I didn't bother trying non-utf-8 encodings. Perhaps I should, but it's not completely clear to me what's the best approach [2].
A universal solution when dealing with sys.argv which could contain file paths/names in various languages, would be selecting sys.getfilesystemencoding() for the encoding scheme instead of a hard coded 'utf-8' [3]. We've done something similar in sanlock python-c API for converting file-system paths into bytes, although it's in C, the principle of using the file-system default encoding applies there as well [4]. [3] https://stackoverflow.com/a/5113874 [4] https://pagure.io/sanlock/blob/master/f/python/sanlock.c#_76
Currently, you must have both otopi and engine updated to get things working. If there is demand, I might spend some time splitting/rebasing/etc to make it possible to update just one of them and only later the other, but not sure it's worth it.
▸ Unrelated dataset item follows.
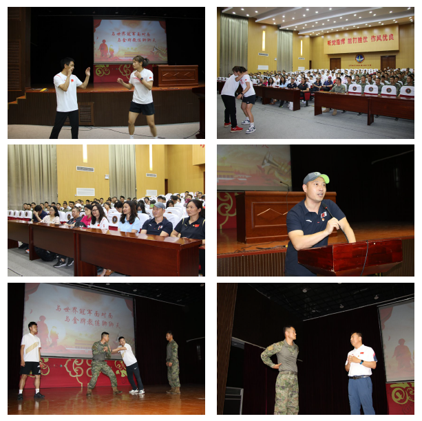 在长缨礼堂,全体党员同志一同观看了纪录片《光荣与梦想》,每一帧画面、每一句文字都在展示着我国军人的铁血、忠诚、无畏与奉献。 随后,部队负责人带领大家观摩了武器设备展示,参观了官兵宿舍和严格的内务管理,教师们与官兵开展了面对面的学习交流。 在互动交流环节,竞校散打金牌教练沈学军携全运会冠军谯洁茹通过实训演示和训练感受,与战士们交流了当运动员夺冠时,国歌响起、国旗在国际赛场上飘扬的自豪感和爱国情怀。运动防护师刘敏和侯希贺先后介绍了训练中的伤病预防和康复理疗方法,体能专项学生侯阳阳、刘通就如何提升体能训练质量和效果,以及训练后如何进行自我放松按摩,与战士们进行了深入互动和现场演示。

I don't mind splitting/squashing if it makes reviews simpler, but I think the patches are ok as-is. These are the bottom patches of each stack:
otopi: https://gerrit.ovirt.org/102085
engine-setup: https://gerrit.ovirt.org/102934
[1] http://python-future.org/unicode_literals.html
[2] https://stackoverflow.com/questions/4012571/python-which-encoding-is-used-fo...
Thanks and best regards, -- Didi